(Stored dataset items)
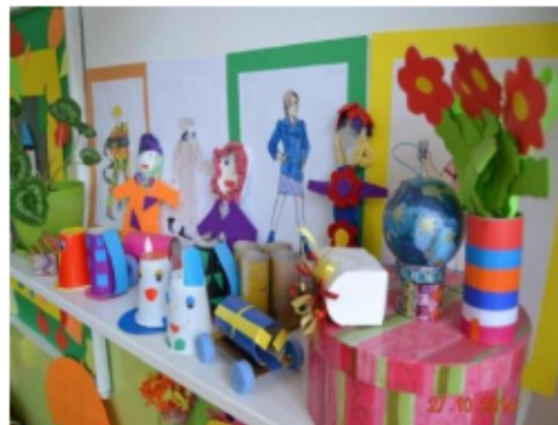
Lutke od plastičnih čaša i flica. Kutije od starog papira.
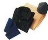
Vêtements en fibre polaire

2600 bouteilles en plastique triées = 1 950 pulls en fourrure polaire recyclée = 8 m 3 d'eau économisés
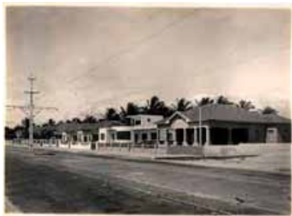
Figura 06. Aspectos e detalhes da arquitetura europeia presentes nas edificações situadas ao longo da Avenida Boa Viagem no princípio do século XX, quando ainda existiam os trilhos de bonde.

cações da cidade do Recife como o Casarão do Cordeiro, o Clube Líbano e a já demolida Padaria Capela, constituem tema relevante que mobiliza tanto as instituições de preservação como parte da sociedade civil, na tarefa de guardar para próximas gerações, elementos representativos do processo de formação da cidade ou aqueles que defendem a destruição do antigo para dar lugar à novas estruturas. Para Sechi (2006, p. 66) a dicotomia preservar/renovar manifesta as contradições da sociedade contemporânea quando trata das estruturas antigas: “por um lado, com o desejo de destruí-lo em nome do novo, no qual a contemporaneidade se explicita completamente; e, por outro lado, com a nostalgia de um passado no qual só nele mesmo parece possível reconhecer as identidades individuais e coletivas”.
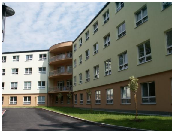
Příklad zpracování nerezových ocelí: Slezská nemocnice Opava
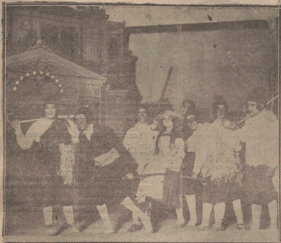
LOS TEATROS.—Una escena de «El sinvergüenza en Palacio», estrenada ayer en Apolo.
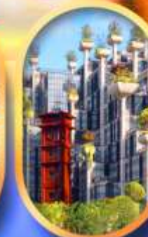
อาคาร 1,000 คับไม้
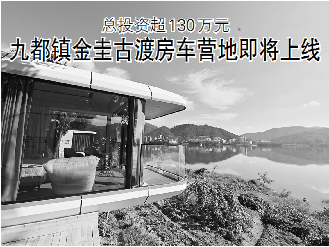
太空舱面湖而立，尽享阳光和美景。

本报讯（记者 黄俊涛 李想 文/图）九都镇金圭古渡房车营地（太空舱）已经完工，预计本周末投入使用。这是记者近日从南安市九都镇政府获悉的。
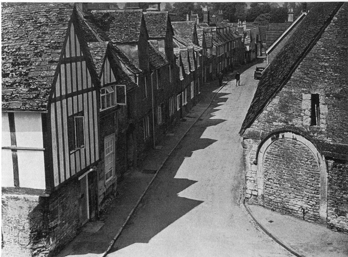
Lacok (Somerset). Une rue du village, propriété du National Trust
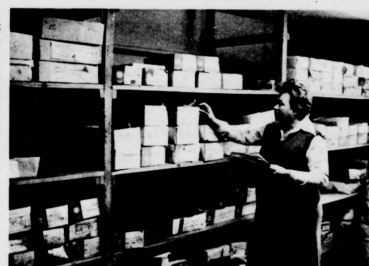
A tranzitraktár most sem üres

A pártdemokrácia gyakorlatának másik területe ma, a vezetőségek újjáélesztése.
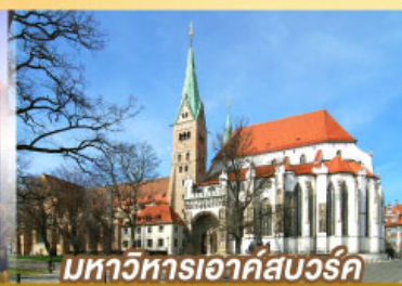
มหาวิหารเอาค์สบวร์ค
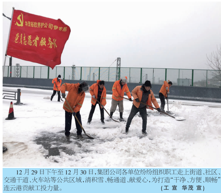
12 月 29 日下午至 12 月 30 日,集团公司各单位纷纷组织职工走上街道、社区、交通干道、火车站等公共区域,清积雪、畅通道、献爱心,为打造“干净、方便、顺畅”连云港贡献工投力量。(工宣 华茂宣)
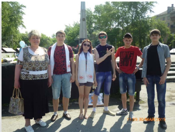
День памяти умерших от ВИЧ
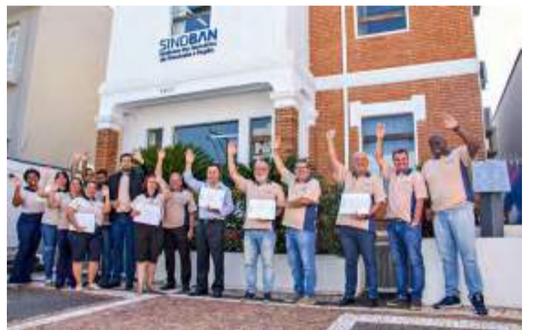
Diretores iniciam assembleia do Bradesco na sede do SindBan.
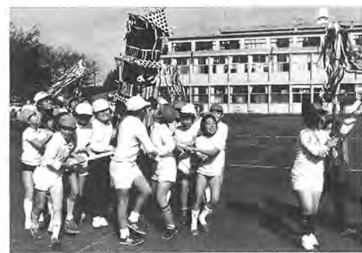
校庭を練り歩く、4年生の三重の塔みこし。「ワッショイ、ワッショイ」と元気いっぱいの子供たち

おみこしのおと校庭は青空おもちや市に早変わり。店頭には割りばしで作った輪ゴム鉄砲、ビニール製のたこ、紙コップを利用したけん玉など学年ごとに作ったおもちやが並べられ、交
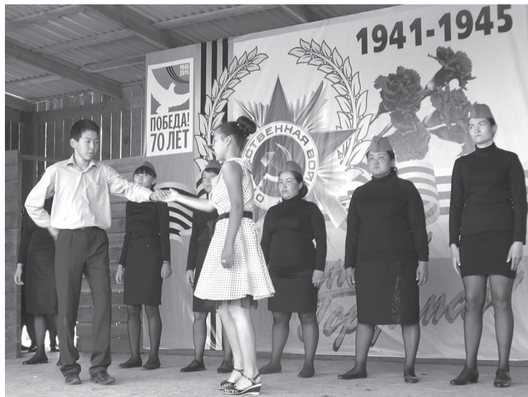
Участники районного конкурса «Фронтальная концертная бригада «Салют, Победа!»

Кроме того, внутри здания были обнаружены мелкие трещины стен и вздувшийся линолеум. Все эти проблемы, как и протечка кровли, уже решены. В настоящее время на территории переделывают веранды, в кон-
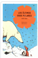
ULTIMOS OSOS POLARES, LOS (COMETA)
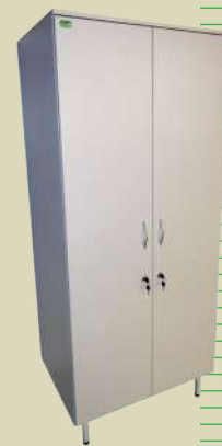
Шкаф для реактивов

**WORK REQUEST**
Find each line above that contains "polaire", and copy those lines.

**TASK RESPONSE**
Vêtements en fibre polaire
2600 bouteilles en plastique triées = 1 950 pulls en fourrure polaire recyclée = 8 m 3 d'eau économisés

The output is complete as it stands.